Göçler, terör, açlık, kıtlık ve savaşlar insan kaynaklı afetlerdir. Mersin büyük bir insan kaynaklı afetin eşiğinde. Afetler nedeniyle yaşanan zararların en uzun ömürlüsü sosyal ve ekonomik yaralanmalardır. Deprem sebebiyle yeni bir büyük göç dalgasının yaşandığı kentimizde, afetlerin yol açtığı ekonomik, fiziki, sosyal ve psikolojik etkiler başlamış olup, önümüzdeki süreçte bunun daha da derinleşeceği endişesi içerisindeyiz. Afetzedelere canla başla kucak açan kentimiz, böyle bir göç dalgasını kaldırmaya hazır mı?” diye konuştu.
HÜKÜMET YEREL YÖNETİMLERLE KOORDİNELİ BİR EYLEM PLANI HAZIRLAMALI
Depremin yaralarını el birliğiyle sarmak için yardım faaliyetlerinin tüm hızıyla sürmesinin hayati önem taşıdığını belirten Yeşilboğaz, “Ancak koordinasyon eksikliği nedeniyle maalesef depremzedelere yardımlar sağlıklı bir şekilde ulaşmamaktadır. Hükümetin yerel yönetimlerle bu koordinasyonu sağlaması gerekirken, yerel yönetimler devre dışı bırakılmış, bütün yük neredeyse belediyelere yüklenmiştir. Belediyelerin tek başına mücadele vermesi, kente ve kentliye verilen hizmetlerin kalitesinin düşmesi sonucunu doğuracağı muhakkaktır. Bu nedenle hükümetin acil olarak Mersin’e bir yatırım planı ve destek planı çıkarması, yerel yönetimler ile koordineli bir eylem planı hazırlaması gerekmektedir. Tüm Mersin milletvekillerinin birlikte ortak talepleriyle, Mersin’e bu yatırımların yapılması gereklidir. Mersin milletvekilleri bugünlerde birlikte hareket etmek zorundadır.
BİLİME VE SOSYAL DEVLETE HER ZAMANKİNDEN DAHA ÇOK İHTİYACIMIZ VAR
Türkiye’de, afetlere yönelik sistematik çalışmalar yapılamamasının eksikliği her zaman hissedilmiştir. Türkiye’de, afet-toplum ilişkisinin sosyolojik ve ekonomik perspektiften ele alınması keyfiyet değil, esasında bir zorunluluktur. Kentimizde denge ve düzenin sağlanması için ülke yöneticilerinin acil olarak harekete geçmesi gerekmektedir. Kentimizde insan eliyle oluşacak bir afetin önüne geçilmesi için Mersin afet bölgesi ilan edilmelidir.

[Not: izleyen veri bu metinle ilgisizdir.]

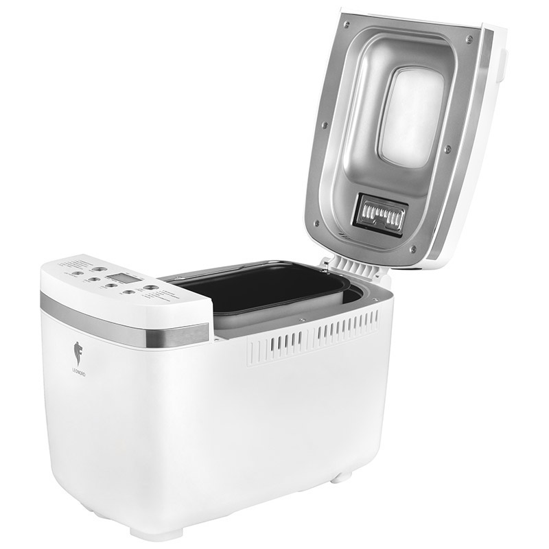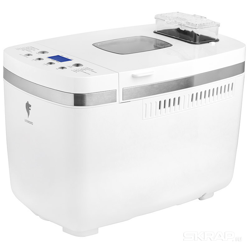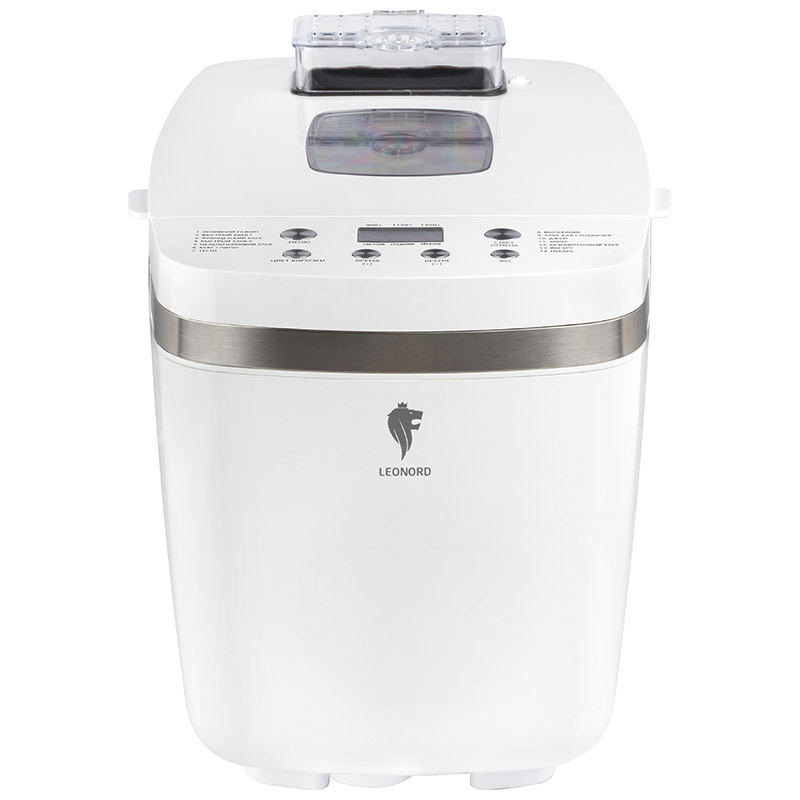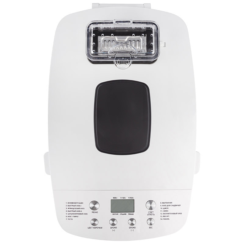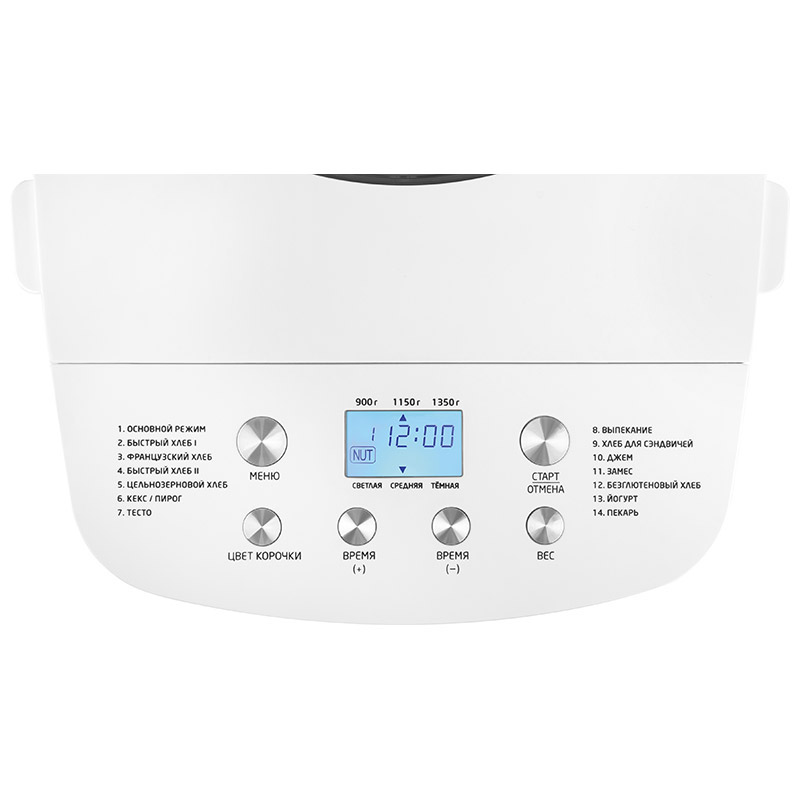 Мощность 850 Вт Размер буханки 900/1150/1350 г 14 программ приготовления: 1. Основной режим 2. Быстрый хлеб I 3. Французский хлеб 4. Быстрый хлеб II 5. Цельнозерновой хлеб 6. Кекс/Пирог 7. Тесто 8. Выпекание 9. Хлеб для сэндвичей 10. Джем 11. Замес 12. Безглютеновый хлеб 13. Йогурт 14. Пекарь 3 варианта корочки: светлая, средняя, темная Чаша с антипригарным покрытием TouchPro Окно для наблюдения за процессом приготовления LED дисплей с подсветкой Автоматический диспенсер для начинки Защита от перегрева 13-часовой таймер отсрочки старта Функция памяти 10 минут Автоматическое поддержание температуры в течение 1 часа 2 лопатки для замешивания В комплекте: мерный стаканчик, мерная ложка, крючок Цвет белый Размер 42,5*27*31,5 Гарантия 2 года Длина шнура 85 см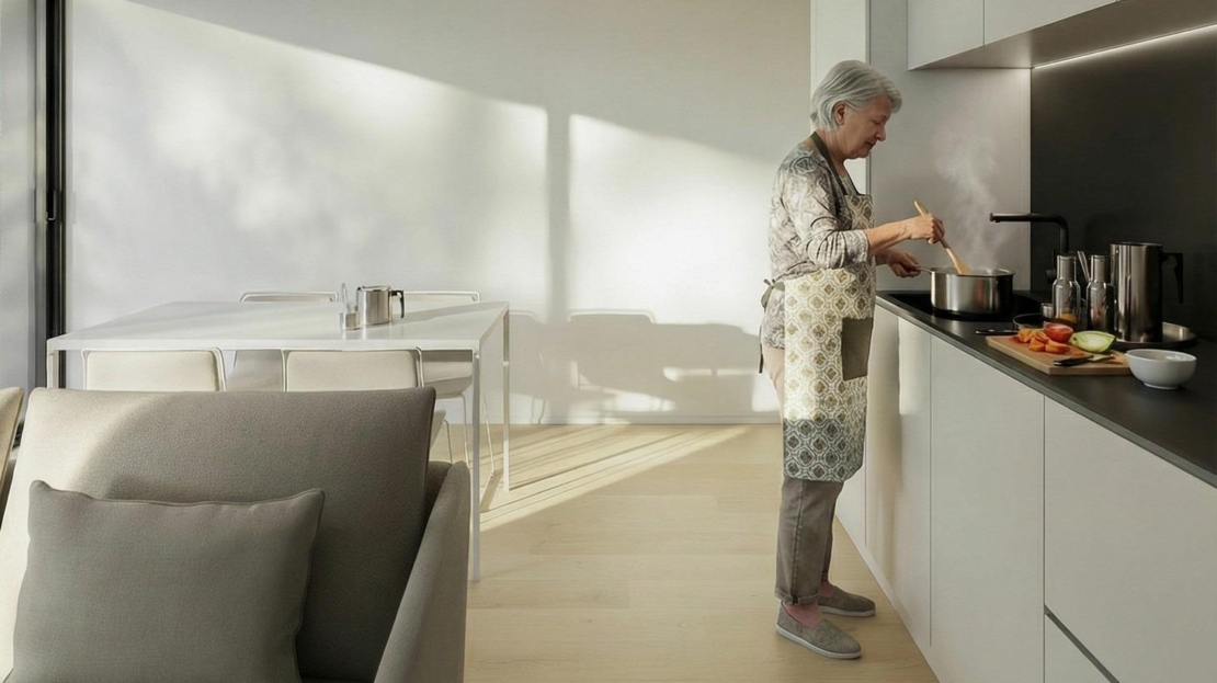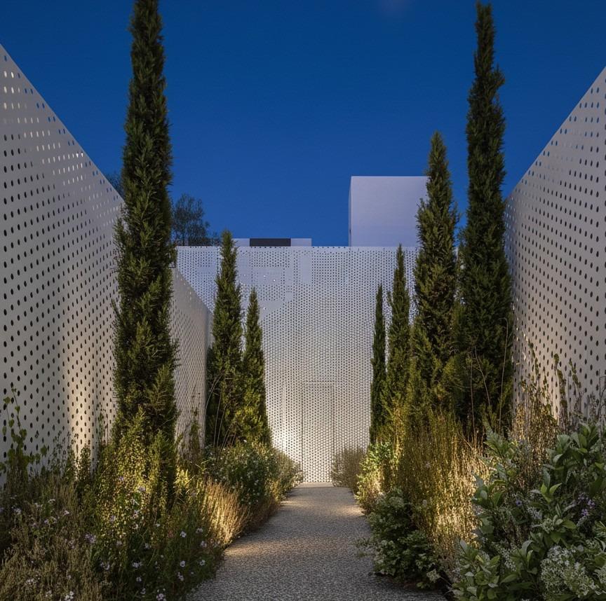 Bostadsområdet är fördelat på två nivåer för att anpassa sig naturligt till terrängen. Den övre nivån är helt dedikerad till bostäderna och de anlagda gemensamma utrymmena, vilket skapar en säker och lugn miljö för fotgängare. Den nedre nivån rymmer parkeringsplatser, förråd och tekniska utrymmen, diskret integrerade i designen. Denna separation garanterar avskildhet, lugn och en bilfri boendeupplevelse inom bostadsområdet.

Depremzedelerin iş, gelir güvencesi, barınma, sosyal güvenlik, sağlık ve eğitim hakları korunmalı, devlet bu konularda acil eylem planı oluşturmalıdır. En kırılgan grup olan depremzede çocuklara yönelik destek hizmetleri oluşturulmalı, depremzede kadın ve çocukların uğrayabilecekleri şiddet ve istismara yönelik özel önlemler hayata geçirilmelidir. Depremin yaralarını sarmak ve kentimizde göç nedeniyle yaşanan kontrolsüz nüfus artışından doğan ihtiyaçlara cevap verilememesinden kaynaklanabilecek kaosların yaşanmaması için tüm kurumların birlikte çalışması, bilime, sosyal devlete ve sosyal politikaya her zamankinden daha çok ihtiyacımız var” şeklinde konuştu.